Back in October I had the chance to give a talk in conjunction with Dr. Bruce Greenway, a fellow Michigander and an actual professional astronomer. He made the most convincing case I’ve seen for Pluto’s reclassification — demonstrating beyond the shadow of a doubt that Pluto has far more in common with objects like Eris, Ceres, and Pallas than bodies like Mercury, Mars, Earth, or other canonical planets. The difference in mass is crucial — and the degree to which this massiveness has allowed the principal bodies in question to clear the neighborhood around their orbits. If you’re wondering whether Pluto’s more like Eris or Mercury, this graph ought to make the case plain:
I’m cribbing this slide from Bruce’s PowerPoint. It points out exactly how drastically the difference in mass affects the amount of other “crap” in the neighborhood. And seems to suggest that — all legacy considerations aside — Pluto ought to be categorized with its fellow dwarves.
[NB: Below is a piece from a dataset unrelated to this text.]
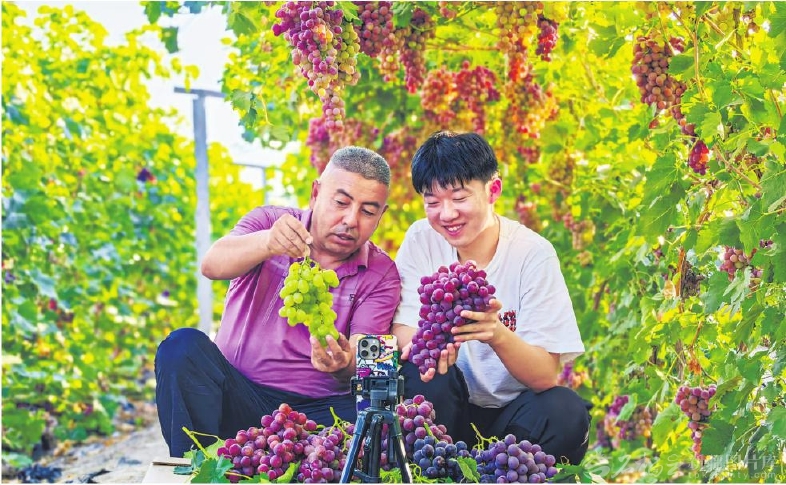 8月28日,乌苏市夹河子乡红房子村村干部在葡萄种植基地帮助果农直播带货。今年以来,该市各村(社区)党员干部带头开展直播助农活动,推动农产品销售。□李仁锡摄

We ought also to be struck by how extremely unlikely it was that Clyde would have seen such a tiny little thing.
December 13, 2010 at 5:13 pm
Alan Stern and Hal Levison did a similar study in 2000, dividing the group in the top half of your graph as “uber planets” and most of those in the lower half of your graph as “unter planets” or dwarf planets. However, they never intended for the “unter planets” to be classed as not planets at all. The idea is any object that orbits the Sun and has enough mass to be in hydrostatic equilibrium is a planet. Dwarf planets are simply a third class of planets encompassing objects large enough and massive enough to be in hydrostatic equilibrium but not massive enough to gravitationally dominate their orbits.
Pallas and Vesta do not really belong in either class. They are of an intermediate stage between asteroids and dwarf planets, as they appear to be nearly round but to have both lost a portion of themselves through impact with an asteroid. Since they are believed closer to planets than asteroids in that they are geologically more complex, some have proposed an intermediate category for them, suggesting terms like “protoplanets” or “sub-dwarf planets.”